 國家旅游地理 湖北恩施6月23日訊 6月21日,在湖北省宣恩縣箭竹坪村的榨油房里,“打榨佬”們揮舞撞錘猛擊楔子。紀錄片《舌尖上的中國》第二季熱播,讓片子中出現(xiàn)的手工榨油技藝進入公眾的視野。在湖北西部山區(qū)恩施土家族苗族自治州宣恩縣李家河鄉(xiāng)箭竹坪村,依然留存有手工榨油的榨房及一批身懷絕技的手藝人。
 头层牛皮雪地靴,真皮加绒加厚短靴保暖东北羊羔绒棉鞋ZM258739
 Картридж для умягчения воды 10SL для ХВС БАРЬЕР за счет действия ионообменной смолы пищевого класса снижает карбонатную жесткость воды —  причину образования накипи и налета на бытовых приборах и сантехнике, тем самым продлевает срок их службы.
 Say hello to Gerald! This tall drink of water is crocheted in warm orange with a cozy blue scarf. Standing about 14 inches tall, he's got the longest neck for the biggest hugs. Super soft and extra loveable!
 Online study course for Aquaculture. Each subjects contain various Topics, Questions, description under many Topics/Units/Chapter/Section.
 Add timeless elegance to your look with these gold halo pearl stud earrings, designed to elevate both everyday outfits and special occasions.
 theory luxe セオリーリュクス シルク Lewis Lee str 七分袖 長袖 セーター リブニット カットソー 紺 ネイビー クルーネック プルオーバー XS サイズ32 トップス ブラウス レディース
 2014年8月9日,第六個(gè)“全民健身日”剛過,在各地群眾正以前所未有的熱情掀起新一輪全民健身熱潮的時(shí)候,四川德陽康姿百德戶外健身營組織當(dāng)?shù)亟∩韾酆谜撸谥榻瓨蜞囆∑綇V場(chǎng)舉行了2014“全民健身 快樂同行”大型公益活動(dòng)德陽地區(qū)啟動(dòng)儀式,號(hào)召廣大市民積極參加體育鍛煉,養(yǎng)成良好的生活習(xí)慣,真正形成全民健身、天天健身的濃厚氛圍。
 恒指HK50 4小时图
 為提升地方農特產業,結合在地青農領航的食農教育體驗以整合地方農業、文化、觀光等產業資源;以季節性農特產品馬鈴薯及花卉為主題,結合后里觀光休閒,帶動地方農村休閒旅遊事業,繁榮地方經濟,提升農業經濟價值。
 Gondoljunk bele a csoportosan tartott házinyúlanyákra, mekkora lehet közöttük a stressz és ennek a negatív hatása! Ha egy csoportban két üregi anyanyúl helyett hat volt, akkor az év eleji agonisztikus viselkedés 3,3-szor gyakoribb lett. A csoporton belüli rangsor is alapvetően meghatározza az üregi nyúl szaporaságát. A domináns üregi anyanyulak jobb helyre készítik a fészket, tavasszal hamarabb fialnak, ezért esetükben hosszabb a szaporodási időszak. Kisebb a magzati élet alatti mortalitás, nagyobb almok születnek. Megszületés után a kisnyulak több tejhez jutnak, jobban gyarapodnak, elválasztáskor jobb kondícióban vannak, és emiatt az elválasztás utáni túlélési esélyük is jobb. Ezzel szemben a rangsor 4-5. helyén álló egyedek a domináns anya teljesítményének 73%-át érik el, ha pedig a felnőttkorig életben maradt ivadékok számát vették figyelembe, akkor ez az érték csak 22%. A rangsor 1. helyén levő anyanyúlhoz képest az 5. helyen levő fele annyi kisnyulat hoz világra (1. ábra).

====

◆ What needs to be done:
Please say how many lines in the records above contain the string "with", giving no other words.

◆ Task output:
2